Monday, January 24th started with the regular rush of the day. We got the girls up and ready so Shane could drop them off at my parents while he did chores and we went to my appointment at 9:15 that morning. While he was gone I got ready and wondered anxiously what my appointment would tell me. All week I was secretly hoping that my water would break or at least start leaking, or I would be super dilated at my appointment, or I would start getting painful contractions. . . just SOMETHING that would give me a sign that it was time, that my body was ready, that the baby was ready, and that the end was near. I went a whole week after the doctor stripped my membranes with nothing happening (and no, it didn't hurt to get them stripped, at least in my case).

So, we went to my appointment to see where I was at this week. I was dilated to 5 cm. In my mind, I'm thinking, "What!? Only a 5? Seriously? I need more than that to go on." On the other hand, the nurse was saying, "Wow! That's great! Most women only get to a 2 on the exam table, and you're already halfway there!"

So the question remained: What am I supposed to do? I technically still had 2 more days until my "due date." Should I stick it out the remaining two days, or in the end, is it really not going to make a difference? I'm already a 5 after all. My doctor looked at me and asked, "So, what do you want to do? Do you want to set up an appointment to break your water on Wednesday if you don't go before then?" Gag. Can I really stick it out for two more days? If it was the right thing to do, of course I could.

Then the doctor continued, "Or we can go get you set up right now. I could break your water, and you'll probably have this baby by noon."

The proposition sounded frighteningly appealing. Maybe too appealing. It sounded so selfish to just say yes right then. Instead, I looked pleadingly at Shane for an answer, but his eyes only reflected my own feelings of I-DON'T-KNOW. So I said I would go home and think about it. "But I might be back," I finished lamely.

We went out to the truck each mostly lost in our own thoughts. So, I called my mom. I talked to her the whole way to her house to pick up the girls. I just poured out my jumbled thoughts, worries, etc. I wasn't sure if I wanted to pick up the girls yet because if I decided to go ahead and get my water broken, I didn't want to have to pack up the girls and drop them off again somewhere. It was easier to just leave them where they were, without even letting them know we were done "going to the doctor said". So, we just parked by the road leading to my parents' house while I finished talking to my mom.

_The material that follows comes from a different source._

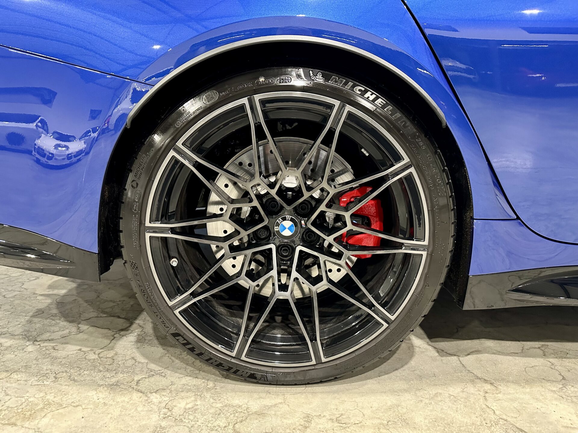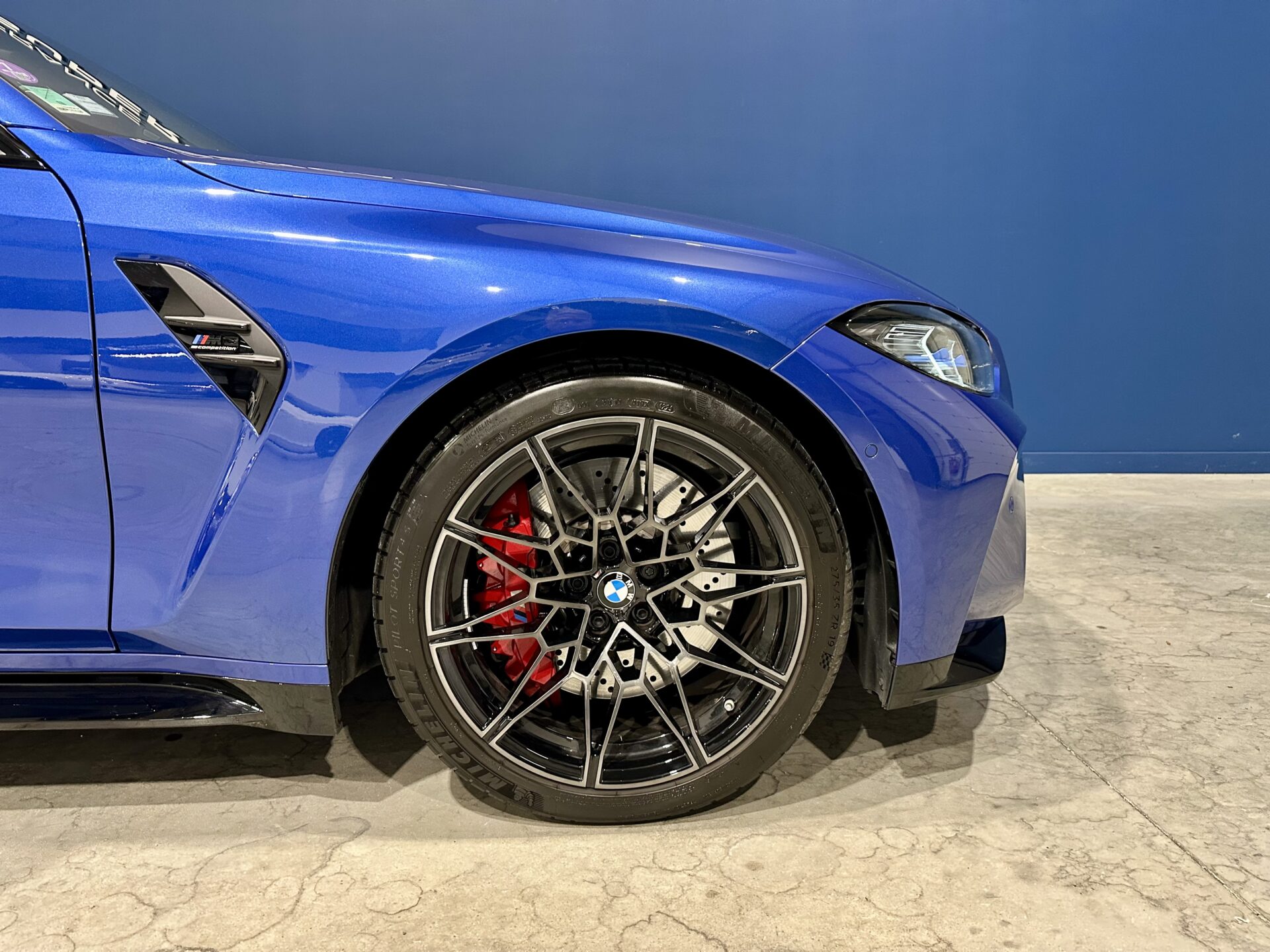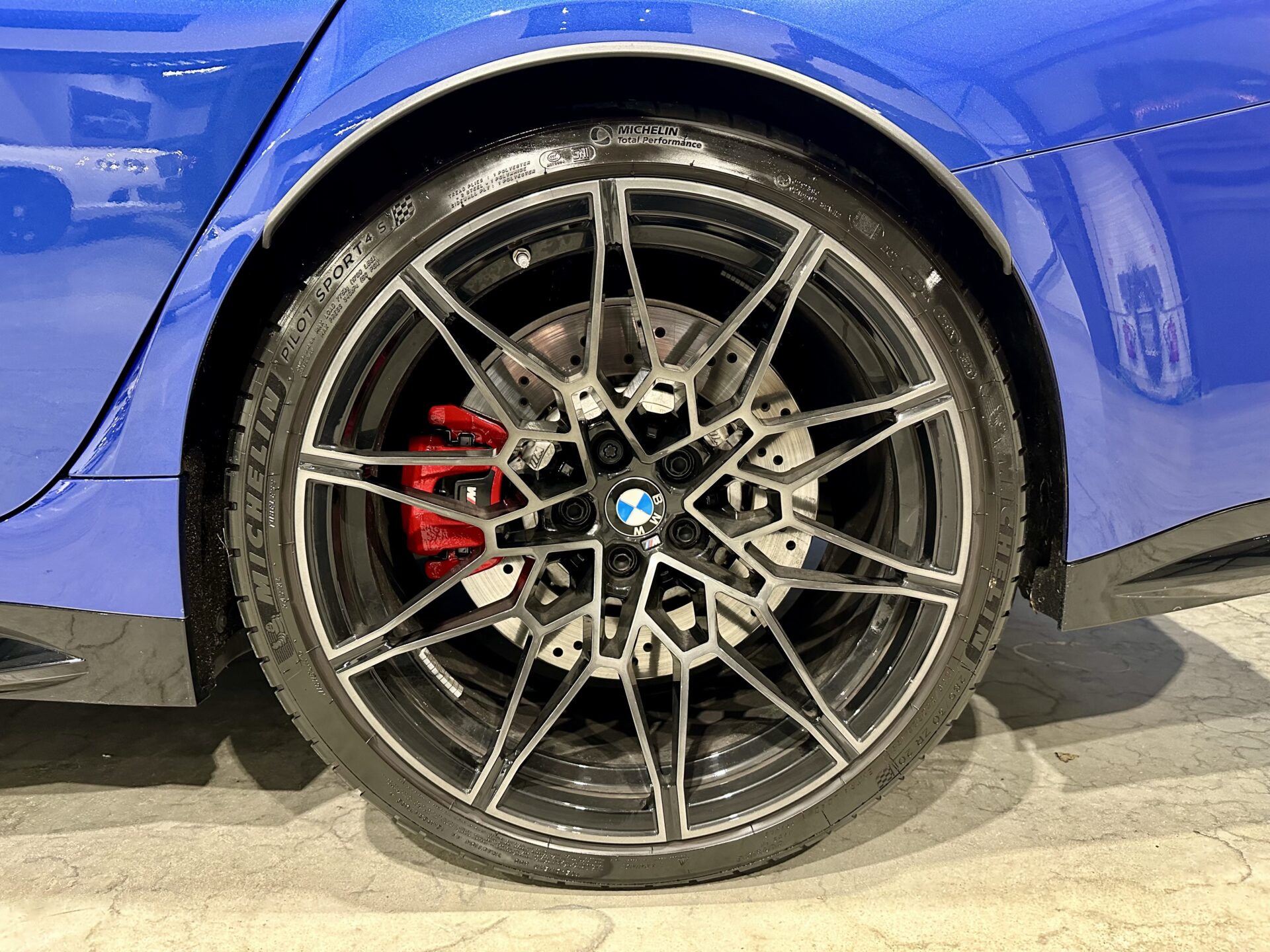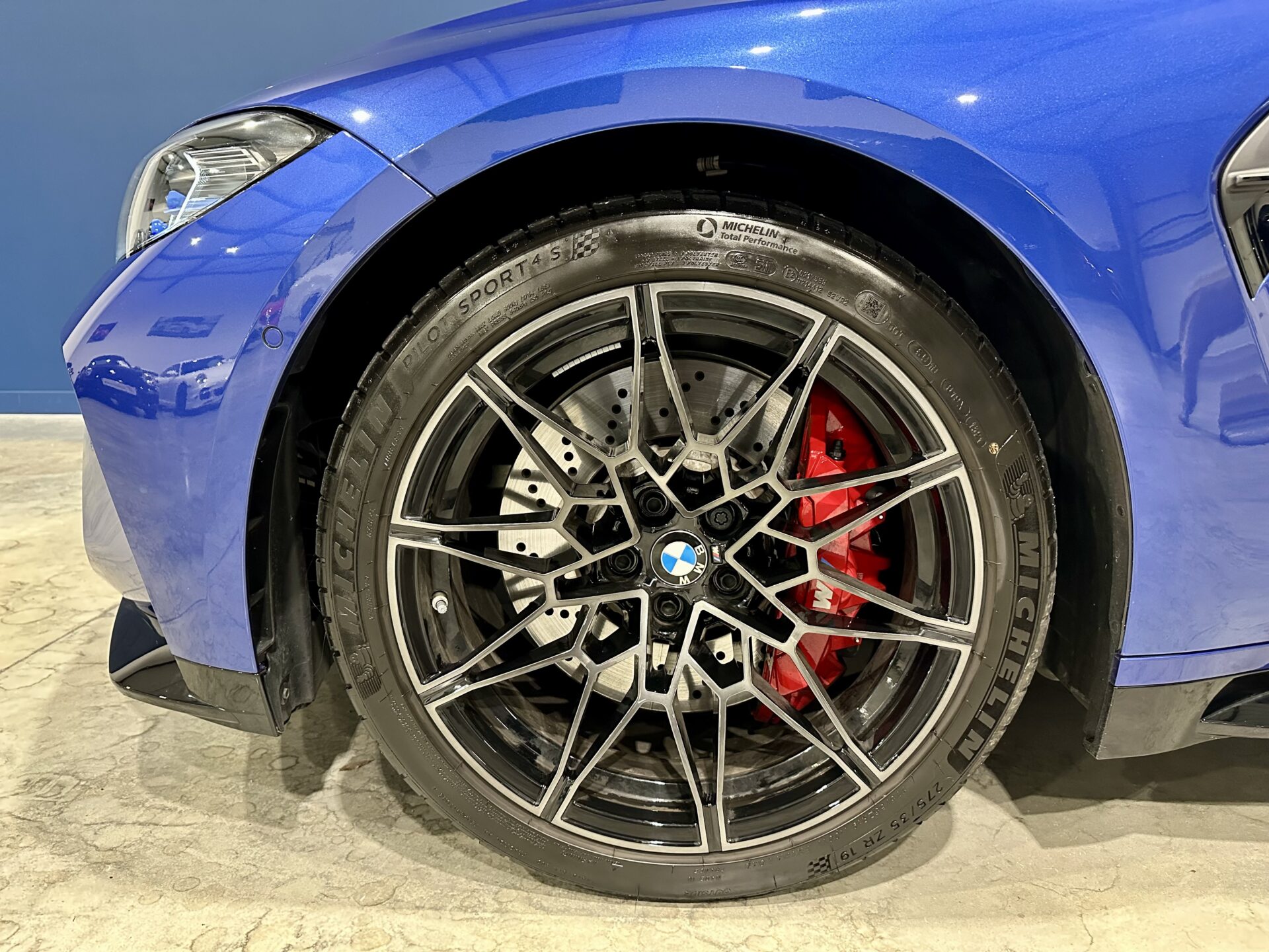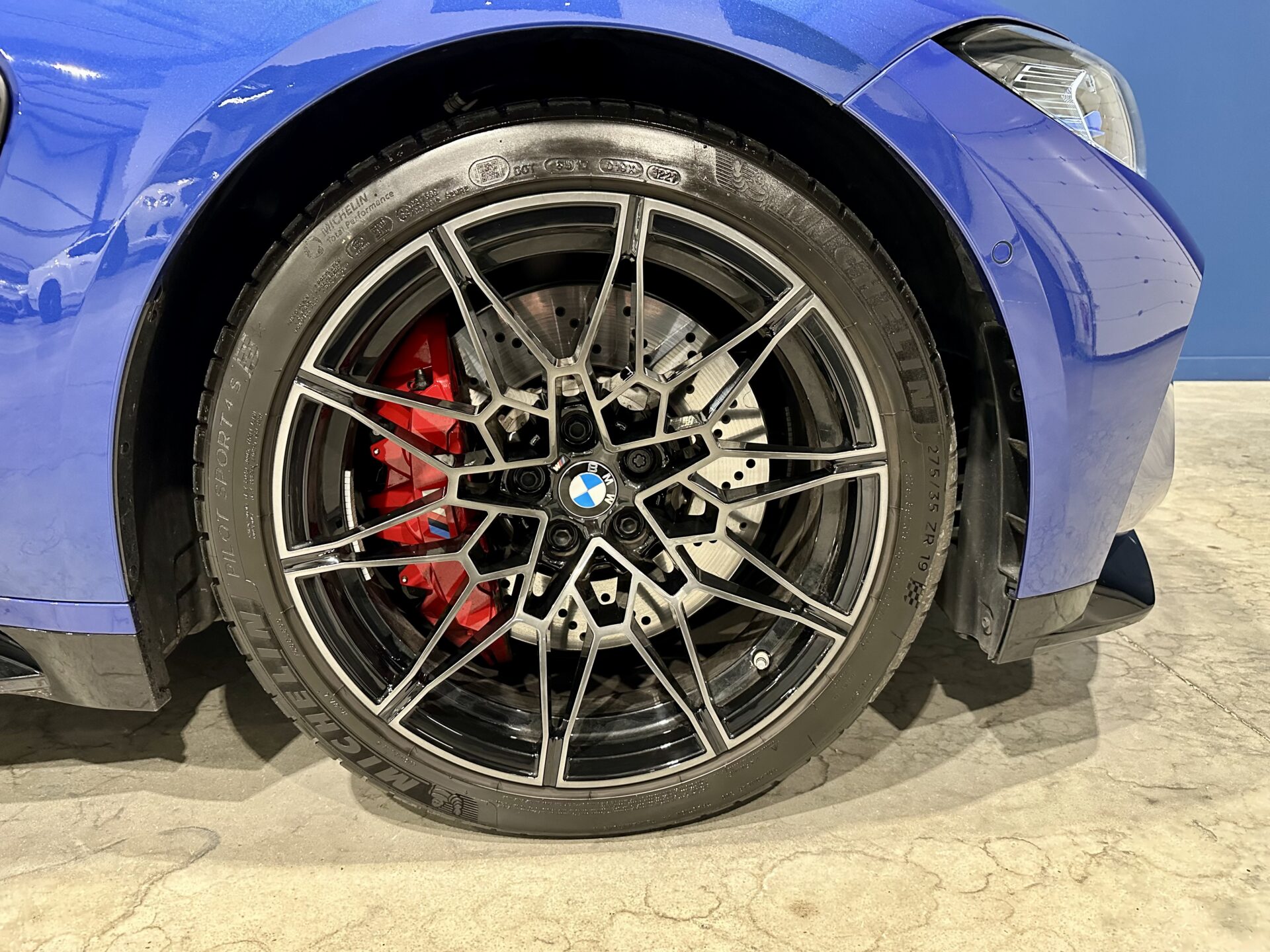 La BMW M3 et M4 Compétition accueillent des disques ventilés et percés, de 380 mm à l’avant et de 370 mm à l’arrière. Ils sont pincés par des étriers fixes à six pistons devant, flottants à un piston derrière. La pression de freinage est assurée par un module électro-hydraulique qui permet, entre autres, de faire varier la réponse à la pédale selon deux modes, Confort et Sport.

She said, "You are the mom. You are the one doing the work, so you can decide. Don't let everyone else's opinions about what you should or shouldn't do sway you. You know your body and what is best. You are the one that has to do all the work, so you get to decide. And you don't have to decide right now. Go eat some lunch or something." It was good advice.

We stopped and talked to my sister. Shane called his mom (a nurse). I tried to call my aunt who had just had her baby. Everyone obviously had their own thoughts and opinions. Finally, we just went home and decided to talk to the one who really mattered. After talking together for a moment, we prayed about our decision. . . We were going to have a baby that day. I remember still having a lot of questions and doubts, but I felt a peace that told me everything would be okay.

Shane cleaned up the kitchen a little for me (I didn't want to leave a messy kitchen) while I finished packing my bag and called my parents to let them know what we had decided. I called my doctor to let him know I was coming in and asked where he wanted me to go. He almost sounded surprised and asked if I was having contractions. I said no, that I was just going to have him break my water, "unless that doesn't work for you." I added. He said, "Oh, well, let me see if they have a room for you."

That kinda shook my resolve for a moment. I had finally decided to do this and then it felt like I was forcing the issue. I waited while he called and sure enough, the (only) birthing room was available if I wanted to go in then.

After a quick stop at Subway (I was starving, okay?) we headed to the hospital. I scarfed down about a 1/3 of the sandwich before I gave the rest to Shane. I was still hungry, but I was trying to avoid any embarrassing moments during delivery. We went to the front desk of the hospital and the nurse asked if she could help us. I was a bit dumbfounded, "Uhh, we're here to have a baby today?" I said with a question in my voice, like can't-you-see-I-have-this-abnormal-bump-on-my-belly-and-I-would-like-it-removed. So then she asked if we had pre-registered. "Pre-registered? Uhh, no?" At this point, I was thinking it was a good thing it wasn't an emergency or I might have had a hard time remaining calm during the whole situation. "See if we have room for you?" "Pre-registered?" I just wanted to have a baby.
Finally, paperwork signed, yet another lovely hospital gown donned, IV inserted, monitors beeping their existence, table with instruments prepped and covered, and cue doctor.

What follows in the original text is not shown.